Material shown below:

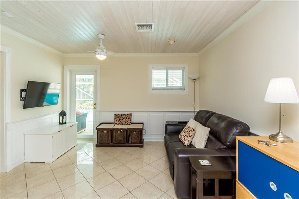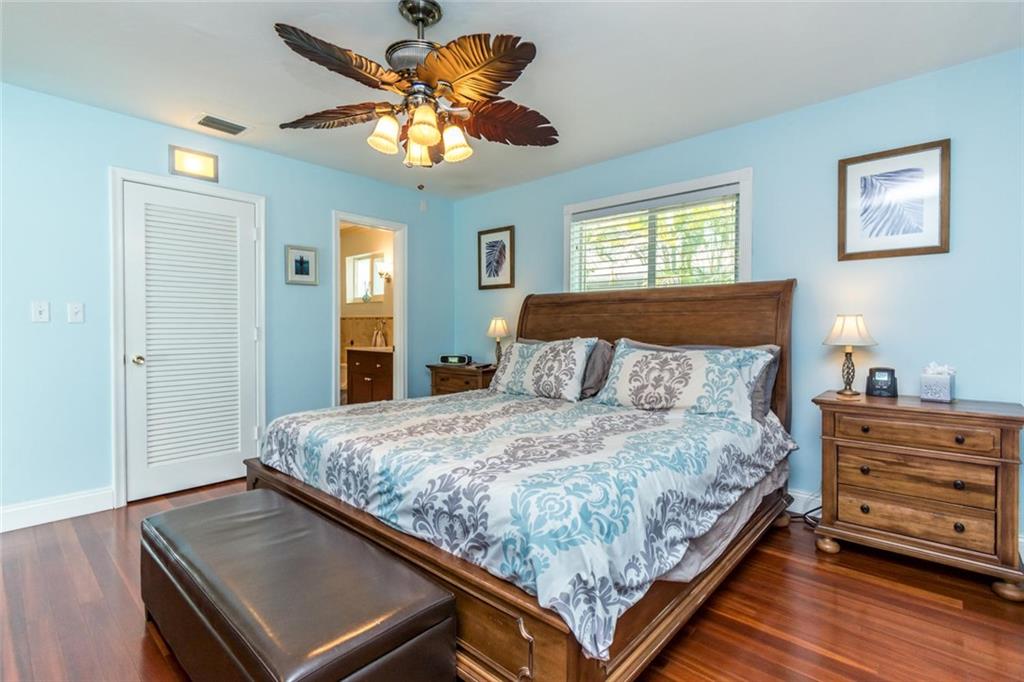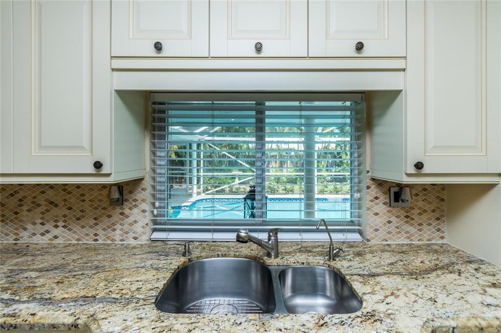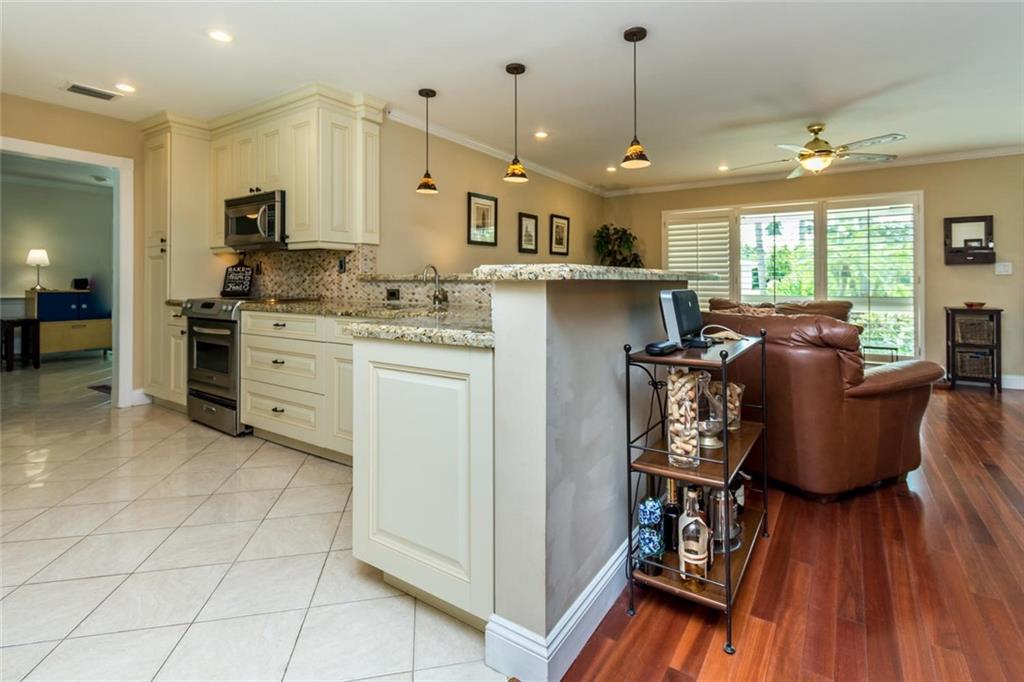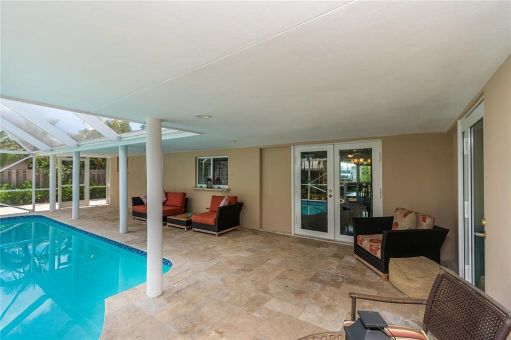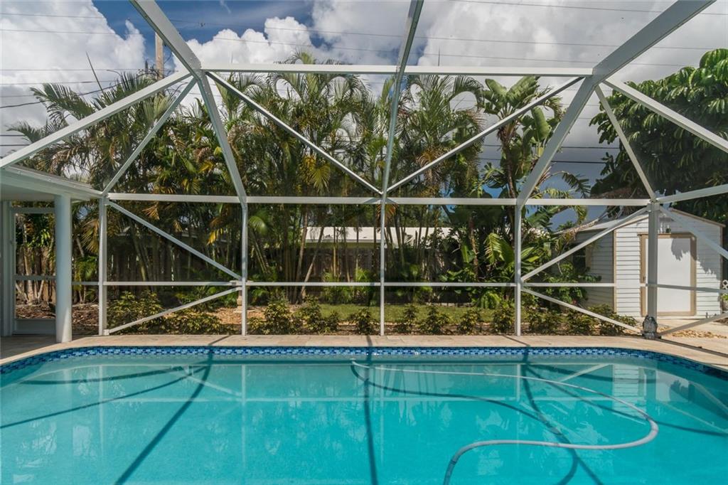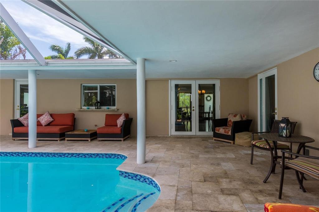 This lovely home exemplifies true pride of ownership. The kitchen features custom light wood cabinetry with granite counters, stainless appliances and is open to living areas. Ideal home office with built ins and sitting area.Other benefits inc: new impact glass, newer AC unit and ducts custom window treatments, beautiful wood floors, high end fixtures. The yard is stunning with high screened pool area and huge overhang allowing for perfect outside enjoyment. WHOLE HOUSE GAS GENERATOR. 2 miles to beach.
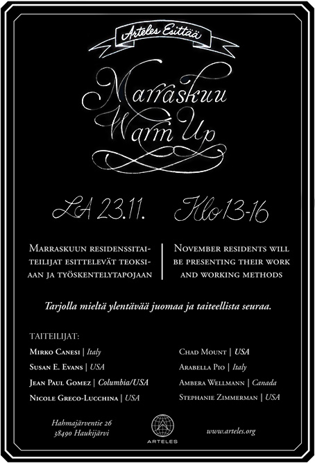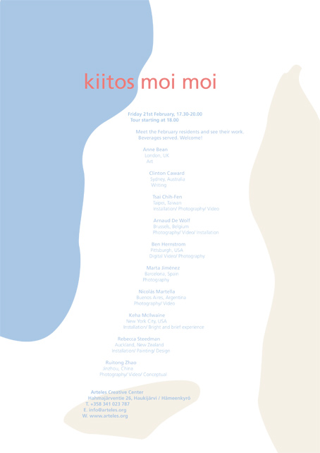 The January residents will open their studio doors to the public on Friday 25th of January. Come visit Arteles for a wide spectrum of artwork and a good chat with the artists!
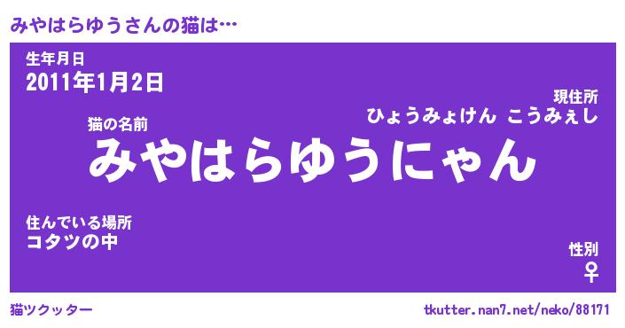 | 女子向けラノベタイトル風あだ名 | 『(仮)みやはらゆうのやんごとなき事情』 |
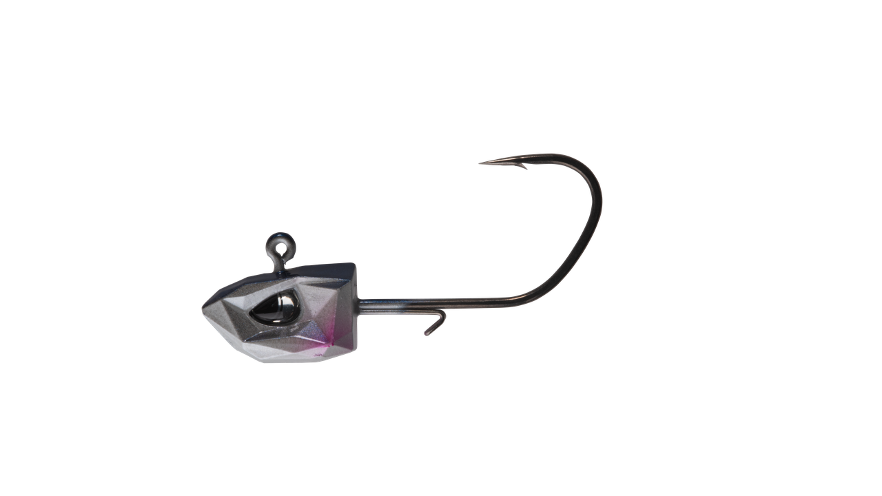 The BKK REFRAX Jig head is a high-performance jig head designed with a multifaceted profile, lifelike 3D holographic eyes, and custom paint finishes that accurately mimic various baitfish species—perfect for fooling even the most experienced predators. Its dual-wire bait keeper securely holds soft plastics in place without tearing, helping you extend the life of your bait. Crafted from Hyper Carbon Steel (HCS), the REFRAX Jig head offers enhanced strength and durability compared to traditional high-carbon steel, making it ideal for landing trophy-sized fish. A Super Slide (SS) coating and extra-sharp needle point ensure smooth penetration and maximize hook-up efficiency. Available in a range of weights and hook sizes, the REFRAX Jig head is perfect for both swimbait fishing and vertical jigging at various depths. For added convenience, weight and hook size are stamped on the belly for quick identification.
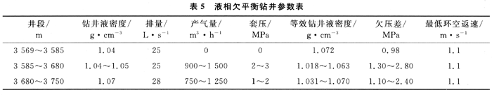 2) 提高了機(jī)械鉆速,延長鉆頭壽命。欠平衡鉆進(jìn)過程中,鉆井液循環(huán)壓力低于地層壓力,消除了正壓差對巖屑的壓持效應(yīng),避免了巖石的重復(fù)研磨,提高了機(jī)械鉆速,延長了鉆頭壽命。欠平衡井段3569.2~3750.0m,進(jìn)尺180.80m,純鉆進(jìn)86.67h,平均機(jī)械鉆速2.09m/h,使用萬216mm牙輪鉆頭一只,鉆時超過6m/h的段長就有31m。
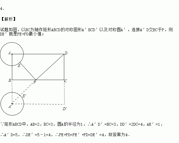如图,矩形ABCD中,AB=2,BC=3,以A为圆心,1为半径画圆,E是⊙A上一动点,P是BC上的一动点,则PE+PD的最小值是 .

End of Material shown.

» Task brief
What's needed is an exact copy of the records above from the line containing "The January residents" down to the line containing "女子向けラノベタイトル風あだ名 | 『(仮)みやはらゆうのやんごとなき事情』 |", both included, without any pictures.

» Answer to this problem
 The January residents will open their studio doors to the public on Friday 25th of January. Come visit Arteles for a wide spectrum of artwork and a good chat with the artists!
 | 女子向けラノベタイトル風あだ名 | 『(仮)みやはらゆうのやんごとなき事情』 |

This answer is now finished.